:: DATA PROVIDED ::

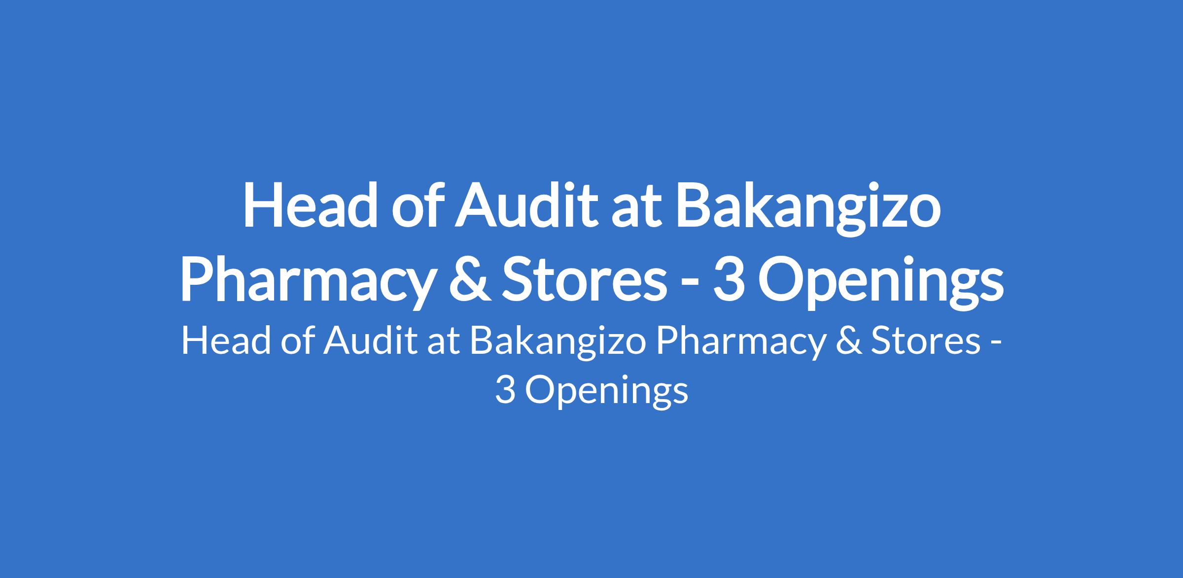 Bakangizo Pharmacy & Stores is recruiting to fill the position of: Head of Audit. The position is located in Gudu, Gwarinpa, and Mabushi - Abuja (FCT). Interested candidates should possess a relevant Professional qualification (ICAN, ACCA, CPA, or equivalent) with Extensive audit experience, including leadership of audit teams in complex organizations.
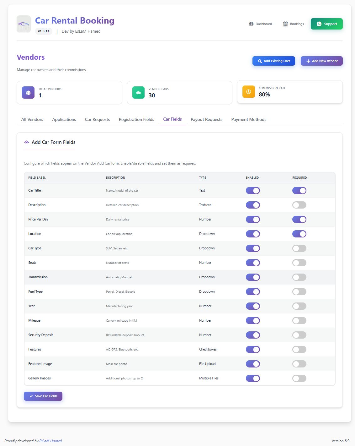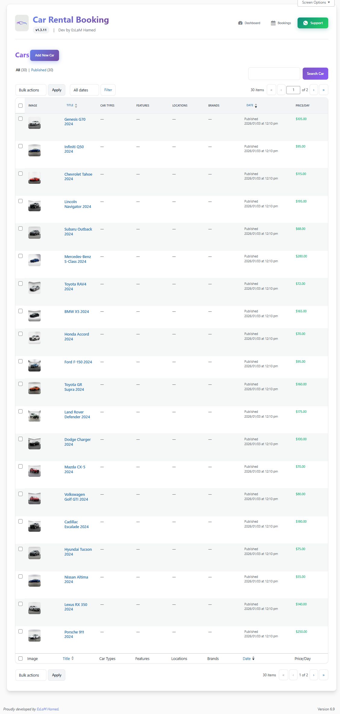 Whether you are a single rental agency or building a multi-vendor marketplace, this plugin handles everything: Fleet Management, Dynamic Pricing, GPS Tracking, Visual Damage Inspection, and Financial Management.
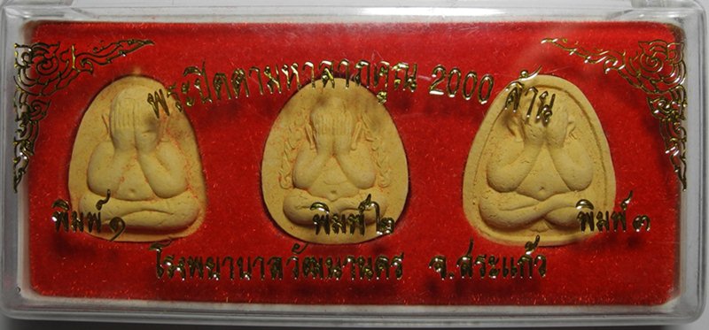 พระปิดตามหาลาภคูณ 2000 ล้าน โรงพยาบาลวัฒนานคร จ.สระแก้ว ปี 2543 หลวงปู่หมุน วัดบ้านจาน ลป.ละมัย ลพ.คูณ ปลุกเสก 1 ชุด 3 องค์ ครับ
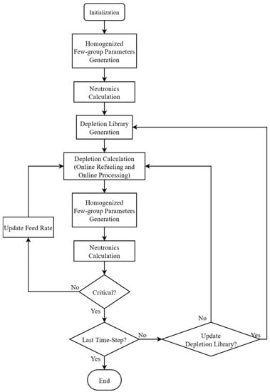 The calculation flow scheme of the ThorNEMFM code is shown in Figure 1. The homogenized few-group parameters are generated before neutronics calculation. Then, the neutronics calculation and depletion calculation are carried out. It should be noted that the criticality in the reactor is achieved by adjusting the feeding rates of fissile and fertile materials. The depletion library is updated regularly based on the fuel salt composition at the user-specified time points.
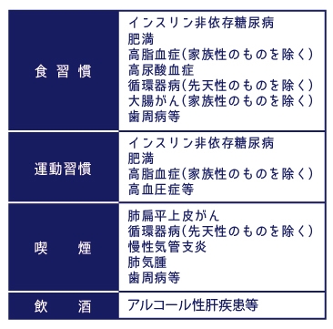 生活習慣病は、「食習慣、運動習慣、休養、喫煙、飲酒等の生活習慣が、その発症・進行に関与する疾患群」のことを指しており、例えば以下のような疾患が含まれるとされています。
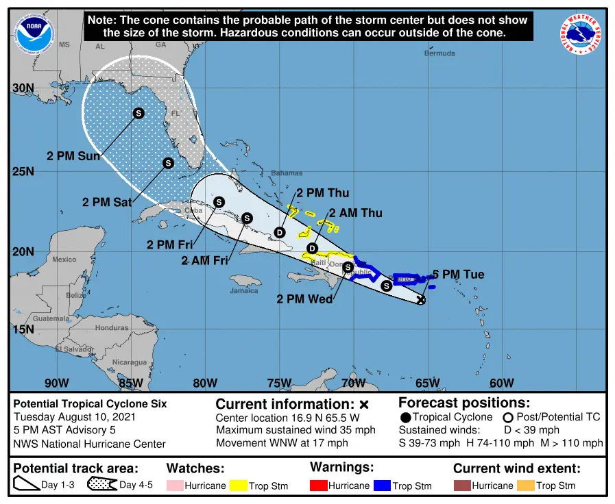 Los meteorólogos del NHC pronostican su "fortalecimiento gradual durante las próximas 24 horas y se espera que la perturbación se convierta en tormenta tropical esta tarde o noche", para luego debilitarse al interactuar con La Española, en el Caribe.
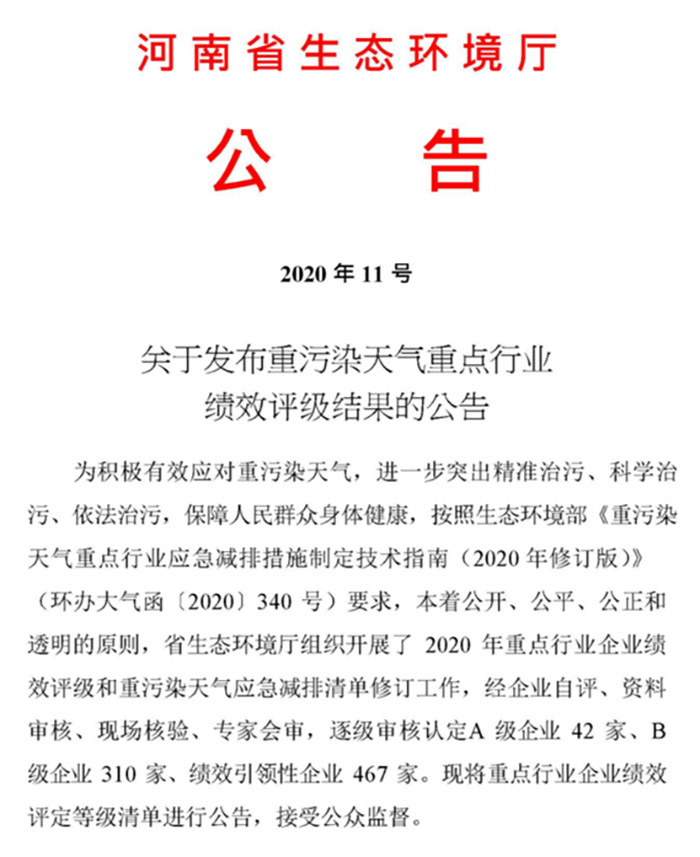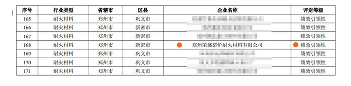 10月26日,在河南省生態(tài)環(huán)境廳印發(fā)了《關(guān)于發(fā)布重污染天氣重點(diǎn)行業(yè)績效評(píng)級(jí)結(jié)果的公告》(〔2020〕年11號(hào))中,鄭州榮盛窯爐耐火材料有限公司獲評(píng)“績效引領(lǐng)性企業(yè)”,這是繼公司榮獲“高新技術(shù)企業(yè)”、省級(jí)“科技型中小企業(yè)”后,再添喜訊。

:::
:: DATA PROVIDED ::

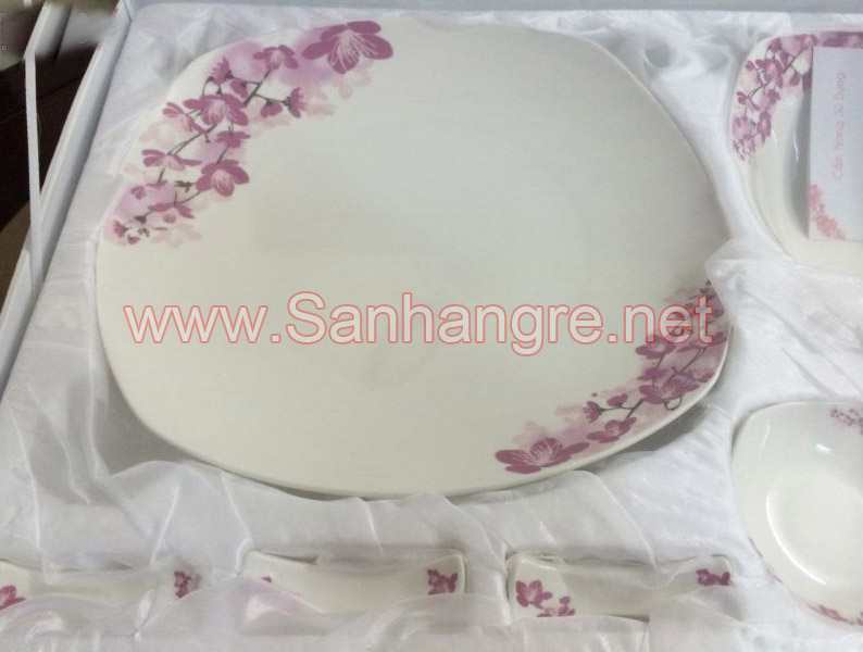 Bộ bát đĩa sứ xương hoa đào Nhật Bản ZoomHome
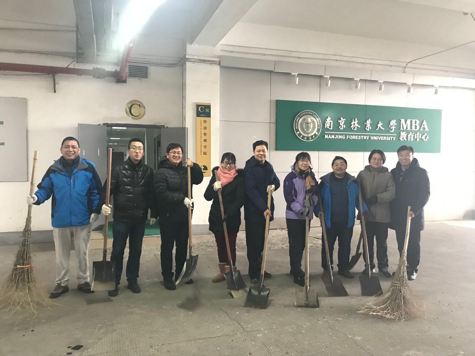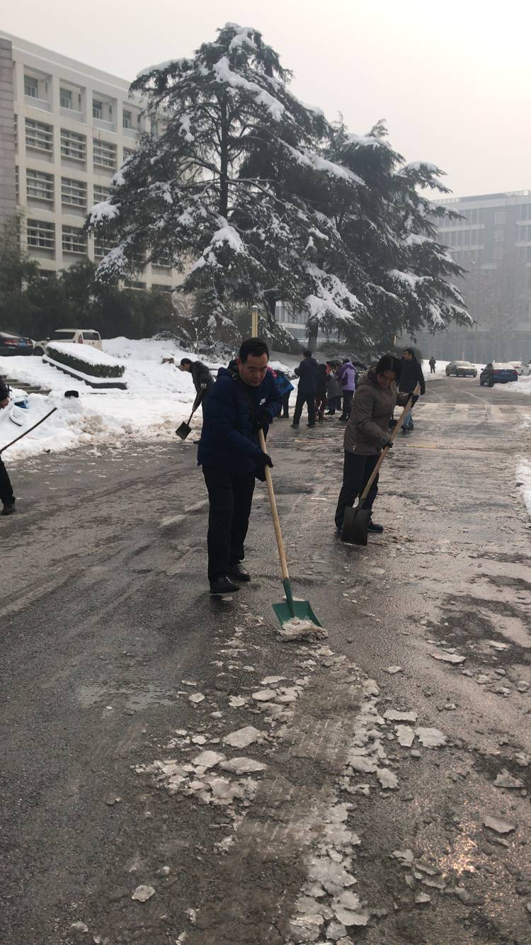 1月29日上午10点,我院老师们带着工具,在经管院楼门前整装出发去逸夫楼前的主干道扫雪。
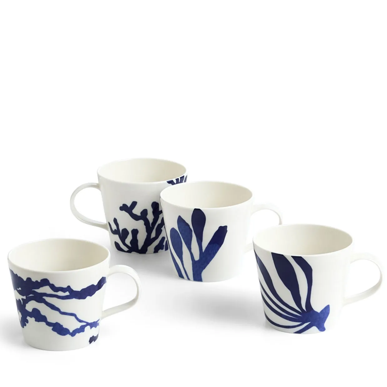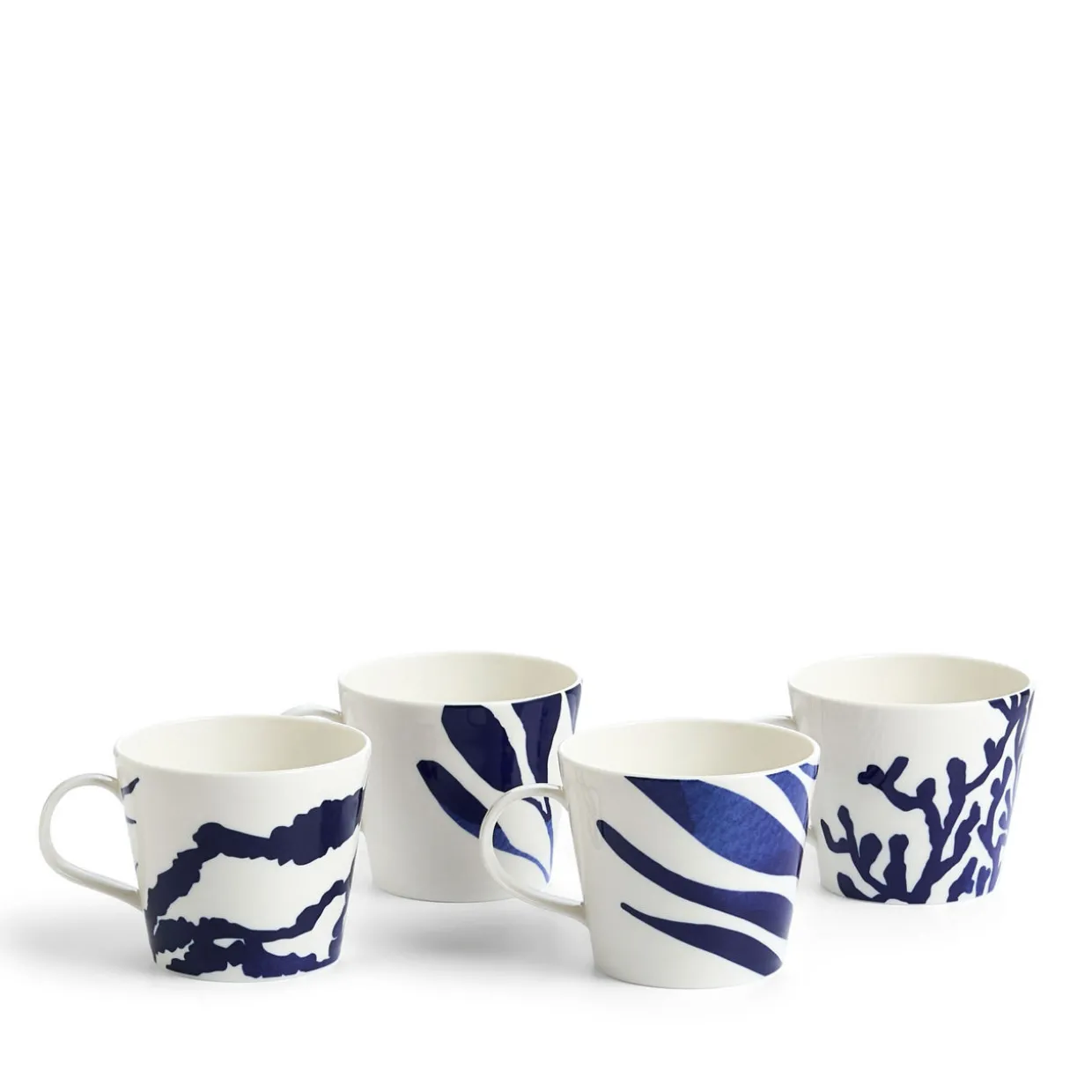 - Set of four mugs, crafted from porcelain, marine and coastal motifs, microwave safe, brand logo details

:::

• ASSIGNMENT: In the entries above, find the line containing "The calculation flow" and the line containing "生活習慣病は、「食習慣、運動"; give again exactly those two lines and every line between them, minus the pictures.

• WORKED SOLUTION:
 The calculation flow scheme of the ThorNEMFM code is shown in Figure 1. The homogenized few-group parameters are generated before neutronics calculation. Then, the neutronics calculation and depletion calculation are carried out. It should be noted that the criticality in the reactor is achieved by adjusting the feeding rates of fissile and fertile materials. The depletion library is updated regularly based on the fuel salt composition at the user-specified time points.
 生活習慣病は、「食習慣、運動習慣、休養、喫煙、飲酒等の生活習慣が、その発症・進行に関与する疾患群」のことを指しており、例えば以下のような疾患が含まれるとされています。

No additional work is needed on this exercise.